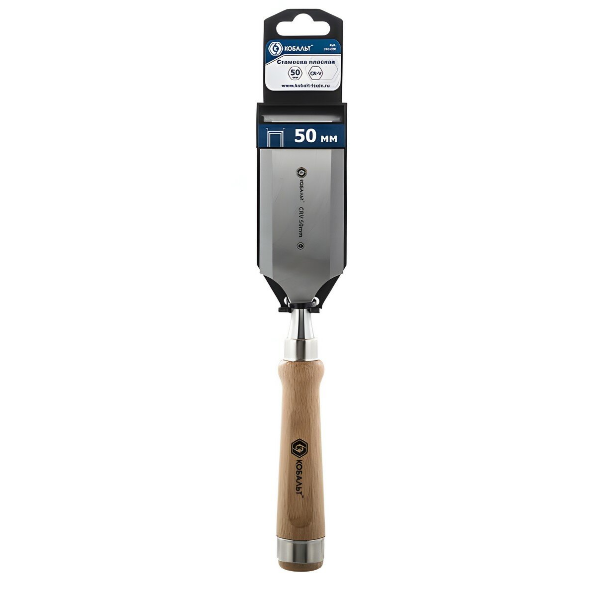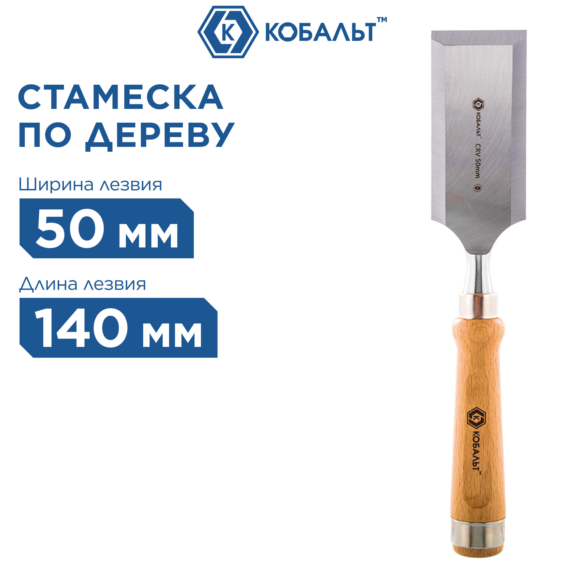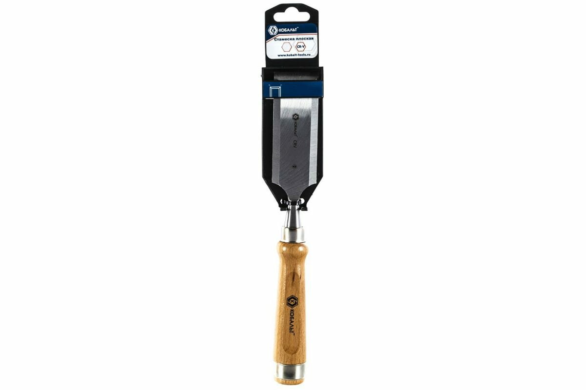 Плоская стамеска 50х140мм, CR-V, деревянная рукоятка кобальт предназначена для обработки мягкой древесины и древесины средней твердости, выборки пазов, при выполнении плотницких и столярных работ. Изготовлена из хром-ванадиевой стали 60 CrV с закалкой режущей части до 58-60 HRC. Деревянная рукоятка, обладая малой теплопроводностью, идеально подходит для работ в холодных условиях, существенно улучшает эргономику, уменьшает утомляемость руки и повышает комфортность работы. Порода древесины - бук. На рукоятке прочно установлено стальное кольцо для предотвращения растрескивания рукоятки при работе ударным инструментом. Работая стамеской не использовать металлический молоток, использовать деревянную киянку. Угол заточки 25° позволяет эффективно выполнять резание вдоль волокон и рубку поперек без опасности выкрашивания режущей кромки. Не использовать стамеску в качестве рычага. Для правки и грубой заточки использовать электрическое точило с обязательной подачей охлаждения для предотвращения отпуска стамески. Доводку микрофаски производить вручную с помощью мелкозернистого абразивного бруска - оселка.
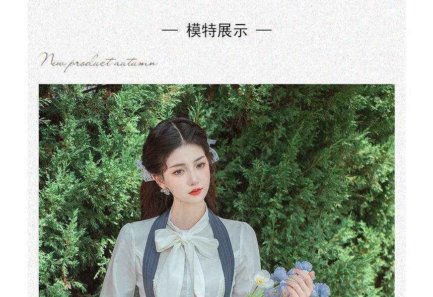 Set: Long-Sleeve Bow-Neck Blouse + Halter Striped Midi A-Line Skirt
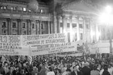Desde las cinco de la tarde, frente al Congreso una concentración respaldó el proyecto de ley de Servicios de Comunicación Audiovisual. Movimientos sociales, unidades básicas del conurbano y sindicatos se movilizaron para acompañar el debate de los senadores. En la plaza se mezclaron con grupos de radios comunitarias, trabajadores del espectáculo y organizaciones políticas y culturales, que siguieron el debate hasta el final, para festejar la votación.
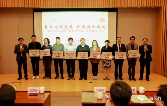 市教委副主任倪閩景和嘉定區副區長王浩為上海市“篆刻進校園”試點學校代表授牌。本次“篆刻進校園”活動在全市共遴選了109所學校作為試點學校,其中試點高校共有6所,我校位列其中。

----------

▶ About this task:
Reproduce the data above in full, exactly as it is, with the pictures left out.

▶ Exercise answer:
 Плоская стамеска 50х140мм, CR-V, деревянная рукоятка кобальт предназначена для обработки мягкой древесины и древесины средней твердости, выборки пазов, при выполнении плотницких и столярных работ. Изготовлена из хром-ванадиевой стали 60 CrV с закалкой режущей части до 58-60 HRC. Деревянная рукоятка, обладая малой теплопроводностью, идеально подходит для работ в холодных условиях, существенно улучшает эргономику, уменьшает утомляемость руки и повышает комфортность работы. Порода древесины - бук. На рукоятке прочно установлено стальное кольцо для предотвращения растрескивания рукоятки при работе ударным инструментом. Работая стамеской не использовать металлический молоток, использовать деревянную киянку. Угол заточки 25° позволяет эффективно выполнять резание вдоль волокон и рубку поперек без опасности выкрашивания режущей кромки. Не использовать стамеску в качестве рычага. Для правки и грубой заточки использовать электрическое точило с обязательной подачей охлаждения для предотвращения отпуска стамески. Доводку микрофаски производить вручную с помощью мелкозернистого абразивного бруска - оселка.
 Set: Long-Sleeve Bow-Neck Blouse + Halter Striped Midi A-Line Skirt
Desde las cinco de la tarde, frente al Congreso una concentración respaldó el proyecto de ley de Servicios de Comunicación Audiovisual. Movimientos sociales, unidades básicas del conurbano y sindicatos se movilizaron para acompañar el debate de los senadores. En la plaza se mezclaron con grupos de radios comunitarias, trabajadores del espectáculo y organizaciones políticas y culturales, que siguieron el debate hasta el final, para festejar la votación.
 市教委副主任倪閩景和嘉定區副區長王浩為上海市“篆刻進校園”試點學校代表授牌。本次“篆刻進校園”活動在全市共遴選了109所學校作為試點學校,其中試點高校共有6所,我校位列其中。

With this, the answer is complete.